VA-load modulated both latent and induced connectivity. Increased VA-load increased the (bi-directional) latent connectivity between the MFG6 and the Ins13 (p < 0.007; two-way repeated measures ANOVA); this connection showed also an interaction between VA-load and sex (p = 0.04; right side only). During “Quiet” scans, men showed higher ATHA↔MFG6 latent connectivity (left side and 4-balls only; p = 0.02) and lower Ins13↔MFG6 latent connectivity (right side and 4-balls only; p = 0.005). Increased AN during the more demanding 4-ball tracking task reduced the Ins13↔MFG6 latent connectivity for women (p = 0.05) but not for men; however, this differential connectivity decrease between the groups was not statistically significant (p = 0.1). The induced Ins13↔MFG6 connectivity increased with VA-load (p = 0.003) and exhibited an interaction between VA-load and sex (p = 0.04). The self-connectivity in the right MFG6 was modulated by VA-load (p = 0.01), and the self-connectivity of the left MFG6 had a VA-load × sex interaction effect (p = 0.04). During “Quiet” scans, women showed higher Ins13↔MFG6 induced connectivity (right side and 4-balls only; p = 0.01) and MFG6 self-induced connectivity (left side and 3-balls only; p = 0.04) than men.

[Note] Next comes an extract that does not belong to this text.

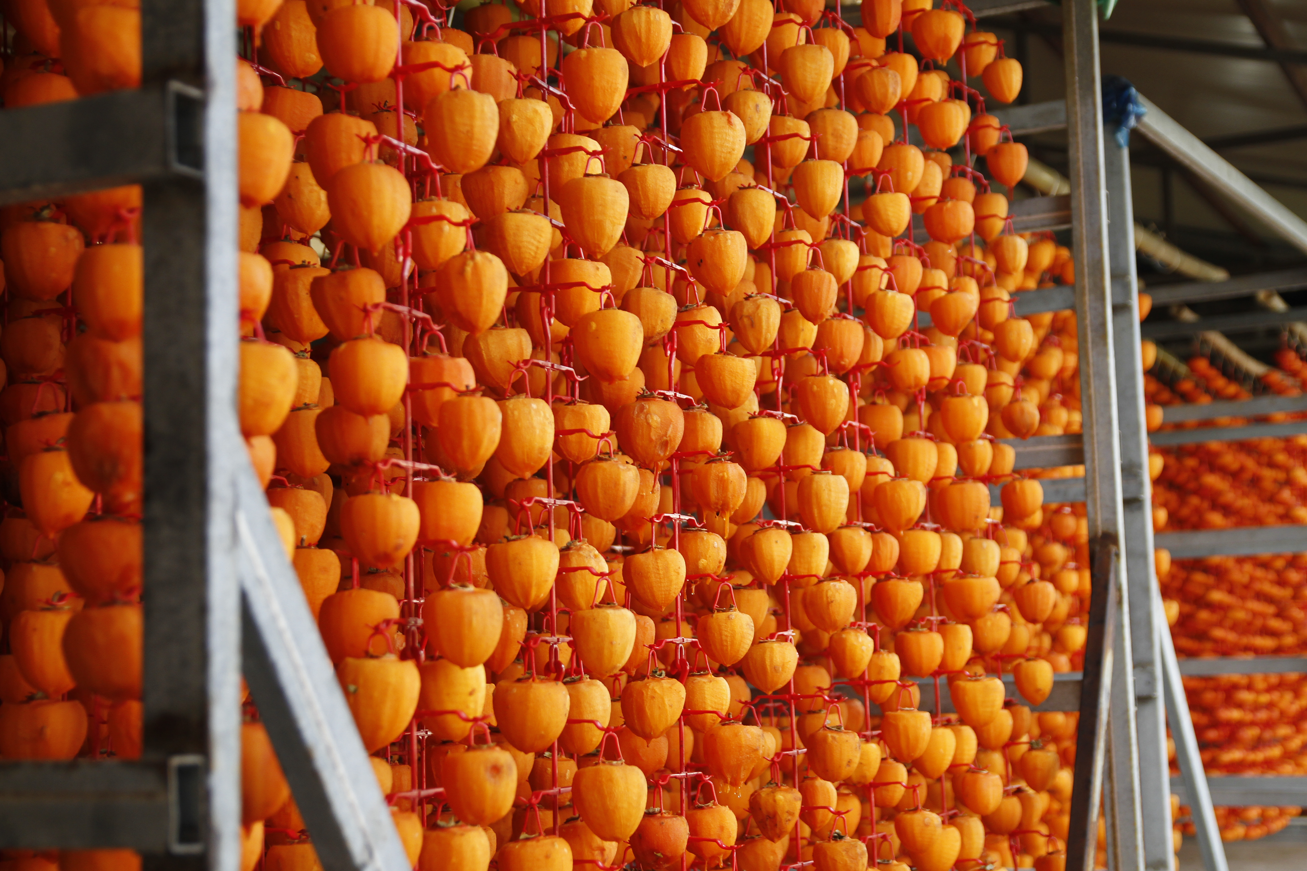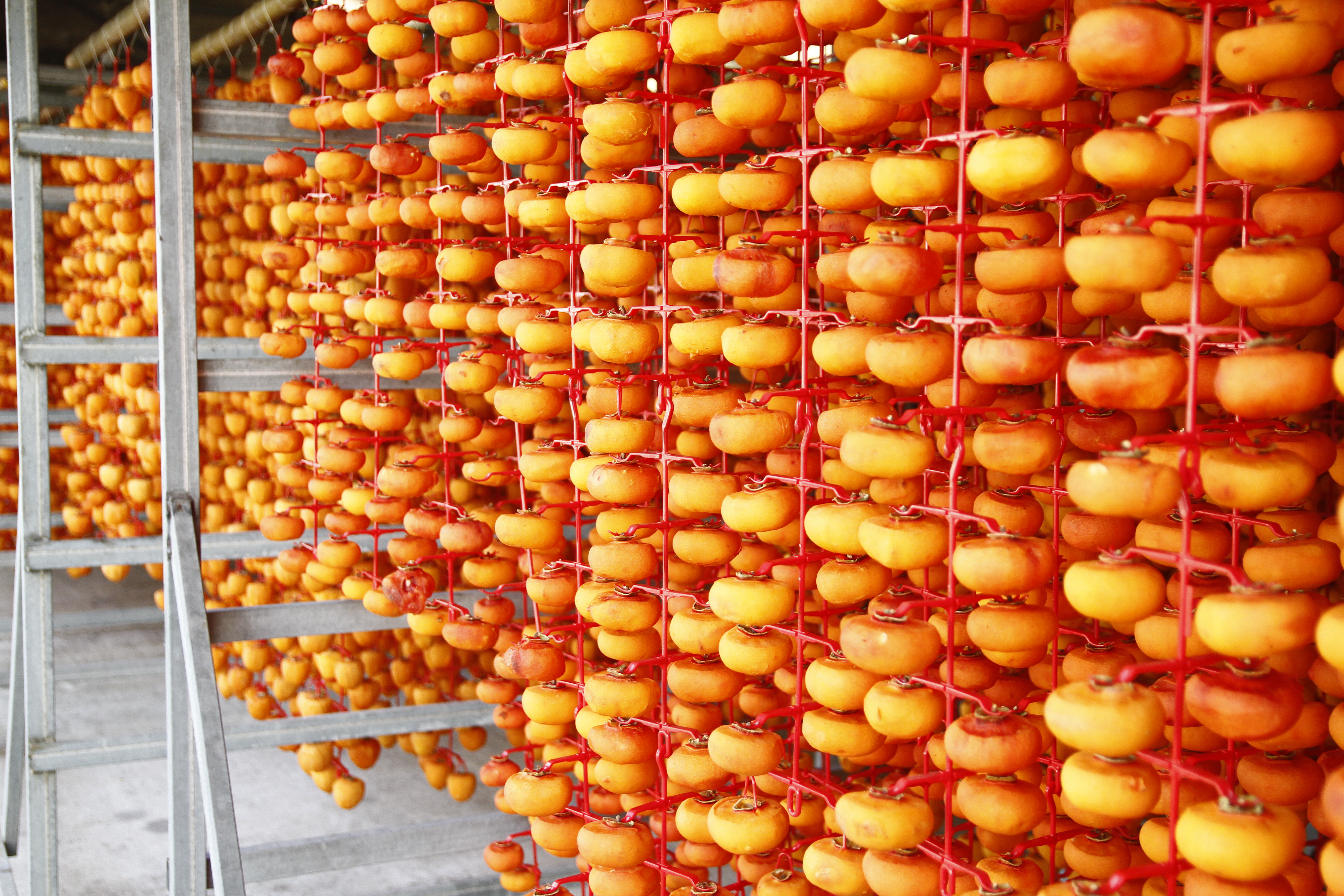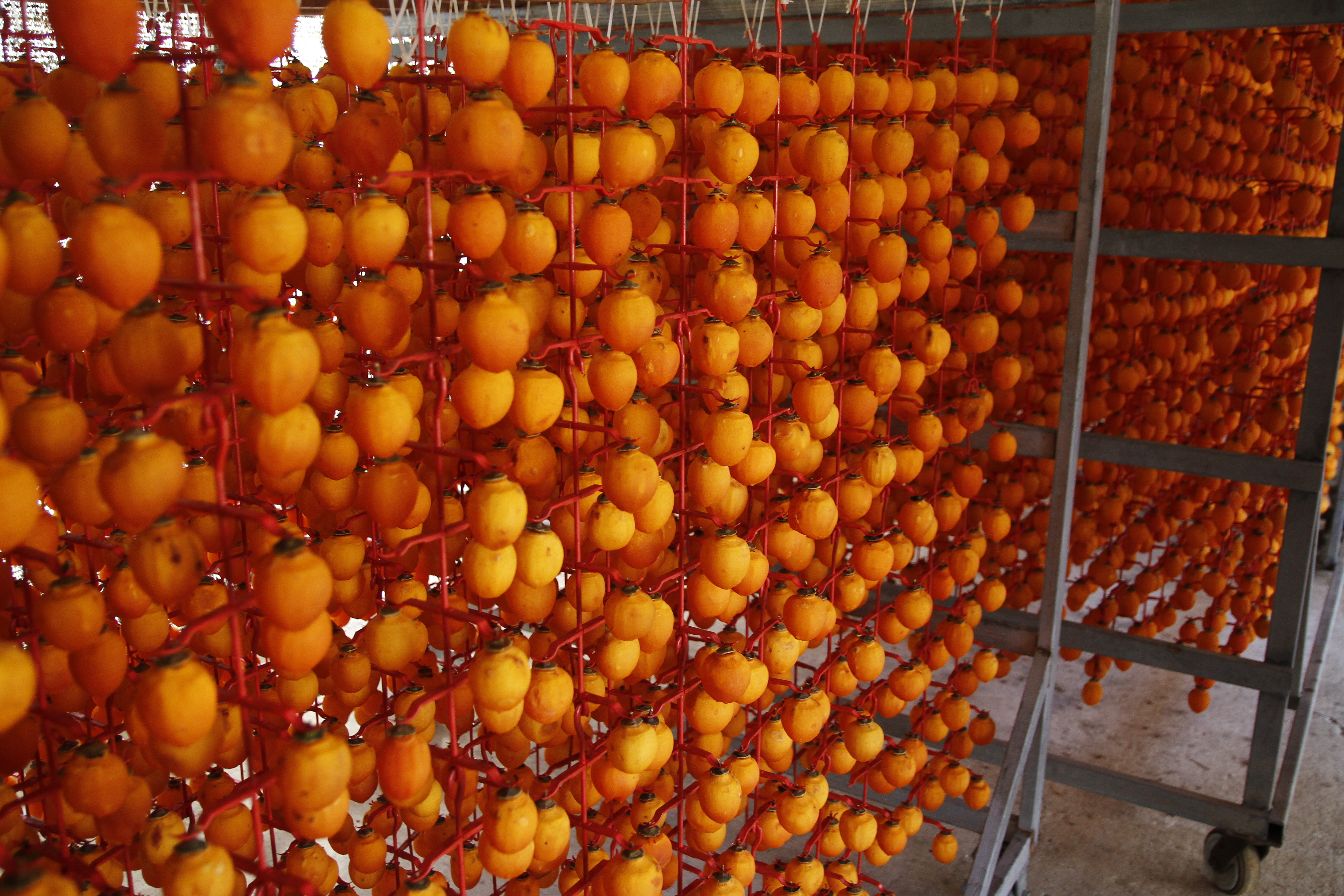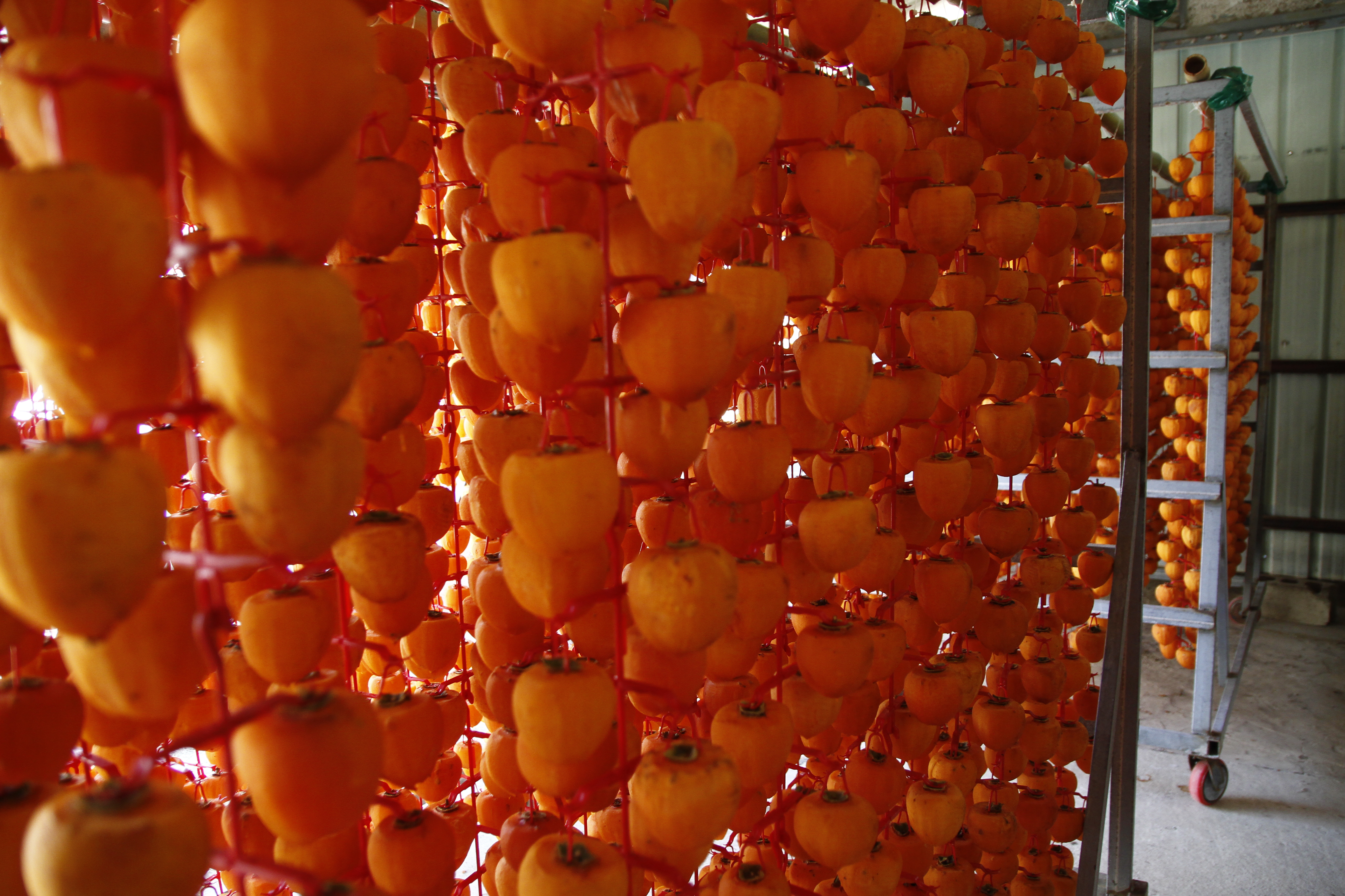 추운 겨울에 호 호 불며 정성껏 매달아 말리는 함안 곶감.

This is the first study that evaluated sex-differences in the influence of acoustic noise on brain activation associated with VA. The major findings are that for the VA task: 1) men have higher activation in the superior PFC, occipital cortices, and the ATHA and higher PFC↔ATHA connectivity than women, while women have higher PFC↔Ins13 connectivity than men; 2) for men, increased AN reduced brain activation in the SPC and the ATHA; 3) brain activation in women was less affected by increased cognitive load or increased AN compared to men; and 4) AN-modulation in the ATHA was positively related to RTs, while VA-load modulation in the DMTHA was inversely related to performance accuracy.

Men and women have different cognitive abilities that may reflect effects of sex hormones or differential brain development on the functional organization of the brain. Neuropsychological studies have shown that men tend to perform better than women on tasks to evaluate visuospatial skills (mental rotation) (Rilea S et al., 2004), motor function (Ruff R and S Parker, 1993), perceptual ability (Tirre W and K Raouf, 1994), and mathematical reasoning (Benbow C and J Stanley, 1983; Gallagher A et al., 2000). Women, on the other hand, tend to perform better than men on tests of verbal (Maitland S et al., 2004) and spatial (Duff S and E Hampson, 2001) working memory, precision manual tasks and fine motor coordination (Ruff R and S Parker, 1993), and mathematical calculation (Carr M et al., 1999) tests. In this study, women responded faster, without drop in accuracy, during “Loud” than during “Quiet” scans for the 3- and 4-ball tracking conditions (this effect was not statistically significant in men). This suggests that periodic noise from the MRI scanner may be advantageous for visual tracking of moving objects. The larger AN effect on reaction times in women may reflect their larger startle responses (Kofler M et al., 2001) compared to men. The women’s perception of the “Loud” condition as being even louder could reflect lesser sensory gating (Hetrick W et al., 1996) and hence lower BOLD responses in the thalamus for women than for men. Women tended to perform better than men during the more difficult condition (4-ball tracking), and especially during the “Loud” scan; this difference was not statistically significant, possibly due to the limited sample size and the relatively large variability of the behavioral responses.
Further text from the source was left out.